INFORMATION SHOWN -
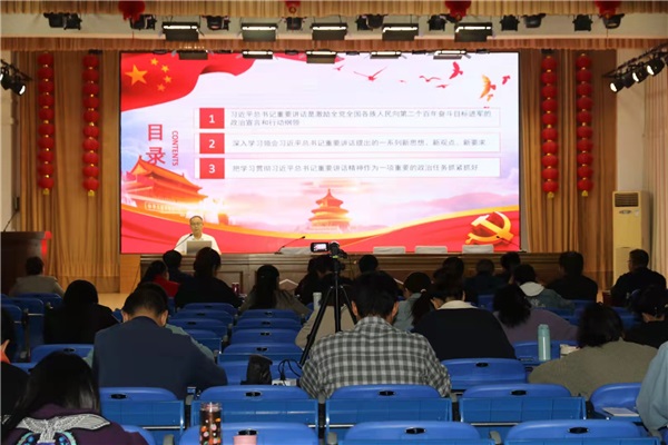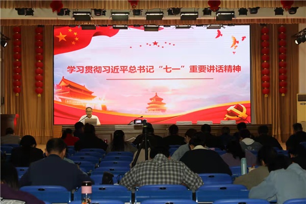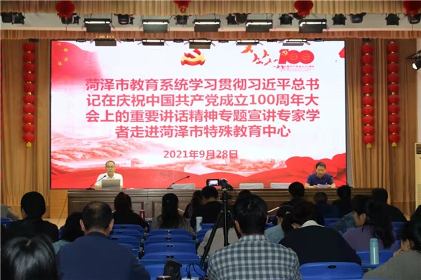 為深入學(xué)習貫徹習近平總書記在慶祝中國共產(chǎn)黨成立100周年大會上的重要講話精神,推動黨史學(xué)習教育深入開展,根據(jù)菏澤市委教育工委《關(guān)于全市教育系統(tǒng)學(xué)習貫徹習近平總書記在慶祝中國共產(chǎn)黨成立100周年大會上的重要講話精神專題宣講活動的通知》要求,2021年9月28日下午,菏澤市特殊教育中心邀請菏澤學(xué)院教師教育學(xué)院黨委副書記、常務(wù)副院長、教授陳光磊同志作“學(xué)習貫徹習近平總書記‘七一’重要講話精神”專題宣講?;顒佑牲h總支書記、校長毛丕顯同志主持,全體黨員教師共90余人參加。
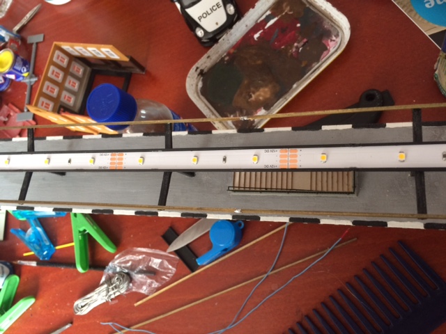 Zde obrázek připraveného osvětlení, než je otočeno do správné polohy. SMD diody nejsou vůbec z boku vidět. Takže pak to bude chtít jen regulaci intenzity osvětleni a mohlo by to být OK. Nikdo bohužel nedělá modelové zářivky a s tím se sám dělat nemíním, takže mi stačí led pásky... Když je někdo udělá, mohu je napojit snadno na kovové profily a svítit tímto.
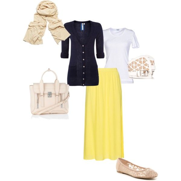 Textured accessories become the neutral in this easy spring look. Lacy flats, a nude scarf and bag let the clothes do the talking. A flowy yellow maxi skirt is feminine and comfortable for mom. A lace belt at the waist of the navy cardigan accentuates your waistline.
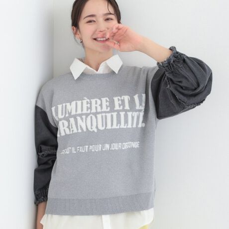 袖がデニムの異素材使いになったニットプルオーバー。

WORK TASK -
Whenever a line holds a picture, print that line without the picture. All other data must be output exactly.

ANSWER BOX -
 為深入學(xué)習貫徹習近平總書記在慶祝中國共產(chǎn)黨成立100周年大會上的重要講話精神,推動黨史學(xué)習教育深入開展,根據(jù)菏澤市委教育工委《關(guān)于全市教育系統(tǒng)學(xué)習貫徹習近平總書記在慶祝中國共產(chǎn)黨成立100周年大會上的重要講話精神專題宣講活動的通知》要求,2021年9月28日下午,菏澤市特殊教育中心邀請菏澤學(xué)院教師教育學(xué)院黨委副書記、常務(wù)副院長、教授陳光磊同志作“學(xué)習貫徹習近平總書記‘七一’重要講話精神”專題宣講?;顒佑牲h總支書記、校長毛丕顯同志主持,全體黨員教師共90余人參加。
 Zde obrázek připraveného osvětlení, než je otočeno do správné polohy. SMD diody nejsou vůbec z boku vidět. Takže pak to bude chtít jen regulaci intenzity osvětleni a mohlo by to být OK. Nikdo bohužel nedělá modelové zářivky a s tím se sám dělat nemíním, takže mi stačí led pásky... Když je někdo udělá, mohu je napojit snadno na kovové profily a svítit tímto.
 Textured accessories become the neutral in this easy spring look. Lacy flats, a nude scarf and bag let the clothes do the talking. A flowy yellow maxi skirt is feminine and comfortable for mom. A lace belt at the waist of the navy cardigan accentuates your waistline.
 袖がデニムの異素材使いになったニットプルオーバー。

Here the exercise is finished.